Re: [PATCH] sched/deadline: Unthrottle PI boosted threads while enqueuing
From: Juri Lelli
Date: Fri Sep 18 2020 - 02:00:37 EST
Hi Daniel,
On 16/09/20 09:06, Daniel Bristot de Oliveira wrote:
> stress-ng has a test (stress-ng --cyclic) that creates a set of threads
> under SCHED_DEADLINE with the following parameters:
>
> dl_runtime = 10000 (10 us)
> dl_deadline = 100000 (100 us)
> dl_period = 100000 (100 us)
>
> These parameters are very aggressive. When using a system without HRTICK
> set, these threads can easily execute longer than the dl_runtime because
> the throttling happens with 1/HZ resolution.
>
> During the main part of the test, the system works just fine because
> the workload does not try to run over the 10 us. The problem happens at
> the end of the test, on the exit() path.

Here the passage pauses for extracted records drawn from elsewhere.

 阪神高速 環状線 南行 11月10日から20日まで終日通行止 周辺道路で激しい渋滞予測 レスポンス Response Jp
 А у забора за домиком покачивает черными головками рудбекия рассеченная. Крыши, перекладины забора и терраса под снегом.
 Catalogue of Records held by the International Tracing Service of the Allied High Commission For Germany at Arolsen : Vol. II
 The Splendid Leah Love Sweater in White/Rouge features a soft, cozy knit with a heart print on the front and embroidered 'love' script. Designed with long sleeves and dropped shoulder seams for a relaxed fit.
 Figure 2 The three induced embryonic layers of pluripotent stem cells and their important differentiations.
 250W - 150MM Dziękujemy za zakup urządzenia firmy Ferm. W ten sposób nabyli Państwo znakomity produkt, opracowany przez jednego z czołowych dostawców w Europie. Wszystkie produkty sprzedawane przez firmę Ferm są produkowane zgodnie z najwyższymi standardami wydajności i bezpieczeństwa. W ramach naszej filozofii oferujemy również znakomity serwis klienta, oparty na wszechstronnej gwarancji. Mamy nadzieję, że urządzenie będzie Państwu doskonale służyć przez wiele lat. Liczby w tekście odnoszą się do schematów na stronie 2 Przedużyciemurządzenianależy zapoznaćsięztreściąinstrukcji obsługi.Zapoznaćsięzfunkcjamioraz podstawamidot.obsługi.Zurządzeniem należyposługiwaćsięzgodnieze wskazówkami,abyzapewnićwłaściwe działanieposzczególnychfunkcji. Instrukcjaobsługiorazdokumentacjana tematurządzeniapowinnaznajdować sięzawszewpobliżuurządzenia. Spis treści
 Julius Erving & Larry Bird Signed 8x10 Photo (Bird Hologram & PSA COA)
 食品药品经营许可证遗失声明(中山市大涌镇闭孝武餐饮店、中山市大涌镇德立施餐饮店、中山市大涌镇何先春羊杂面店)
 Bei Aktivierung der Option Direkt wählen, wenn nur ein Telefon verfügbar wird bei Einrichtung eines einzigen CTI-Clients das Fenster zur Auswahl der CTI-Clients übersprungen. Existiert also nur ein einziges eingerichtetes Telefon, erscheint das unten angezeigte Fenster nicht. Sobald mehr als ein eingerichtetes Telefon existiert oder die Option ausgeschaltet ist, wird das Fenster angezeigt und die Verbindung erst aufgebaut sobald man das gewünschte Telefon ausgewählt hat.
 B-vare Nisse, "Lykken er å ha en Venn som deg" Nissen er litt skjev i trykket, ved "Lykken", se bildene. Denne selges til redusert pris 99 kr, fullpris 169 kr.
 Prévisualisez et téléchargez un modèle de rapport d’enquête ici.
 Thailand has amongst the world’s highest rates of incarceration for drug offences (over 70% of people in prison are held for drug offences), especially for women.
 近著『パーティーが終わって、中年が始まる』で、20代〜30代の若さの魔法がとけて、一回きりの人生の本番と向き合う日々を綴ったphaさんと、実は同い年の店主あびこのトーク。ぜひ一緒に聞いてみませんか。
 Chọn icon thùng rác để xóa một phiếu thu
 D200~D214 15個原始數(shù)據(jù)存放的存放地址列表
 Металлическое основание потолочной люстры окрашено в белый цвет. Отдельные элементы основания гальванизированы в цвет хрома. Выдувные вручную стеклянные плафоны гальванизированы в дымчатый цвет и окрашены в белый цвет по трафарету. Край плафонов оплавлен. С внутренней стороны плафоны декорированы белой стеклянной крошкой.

During exit(), the threads need
> to do some cleanups that require real-time mutex locks, mainly those
> related to memory management, resulting in this scenario:
>
> Note: locks are rt_mutexes...
> ------------------------------------------------------------------------
> TASK A: TASK B: TASK C:
> activation
> activation
> activation
>
> lock(a): OK! lock(b): OK!
> <overrun runtime>
> lock(a)
> -> block (task A owns it)
> -> self notice/set throttled
> +--< -> arm replenished timer
> | switch-out
> | lock(b)
> | -> <C prio > B prio>
> | -> boost TASK B
> | unlock(a) switch-out
> | -> handle lock a to B
> | -> wakeup(B)
> | -> B is throttled:
> | -> do not enqueue
> | switch-out
> |
> |
> +---------------------> replenishment timer
> -> TASK B is boosted:
> -> do not enqueue
> ------------------------------------------------------------------------
>
> BOOM: TASK B is runnable but !enqueued, holding TASK C: the system
> crashes with hung task C.
>
> This problem is avoided by removing the throttle state from the boosted
> thread while boosting it (by TASK A in the example above), allowing it to
> be queued and run boosted.
>
> The next replenishment will take care of the runtime overrun, pushing
> the deadline further away. See the "while (dl_se->runtime <= 0)" on
> replenish_dl_entity() for more information.
>
> Signed-off-by: Daniel Bristot de Oliveira <bristot@xxxxxxxxxx>
> Reported-by: Mark Simmons <msimmons@xxxxxxxxxx>
> Reviewed-by: Juri Lelli <juri.lelli@xxxxxxxxxx>
> Tested-by: Mark Simmons <msimmons@xxxxxxxxxx>
> Cc: Ingo Molnar <mingo@xxxxxxxxxx>
> Cc: Peter Zijlstra <peterz@xxxxxxxxxxxxx>
> Cc: Juri Lelli <juri.lelli@xxxxxxxxxx>
> Cc: Vincent Guittot <vincent.guittot@xxxxxxxxxx>
> Cc: Dietmar Eggemann <dietmar.eggemann@xxxxxxx>
> Cc: Steven Rostedt <rostedt@xxxxxxxxxxx>
> Cc: Ben Segall <bsegall@xxxxxxxxxx>
> Cc: Mel Gorman <mgorman@xxxxxxx>
> Cc: Daniel Bristot de Oliveira <bristot@xxxxxxxxxx>
> Cc: linux-kernel@xxxxxxxxxxxxxxx
>
> ---
Thanks for this fix.
Acked-by: Juri Lelli <juri.lelli@xxxxxxxxxx>
Best,
Juri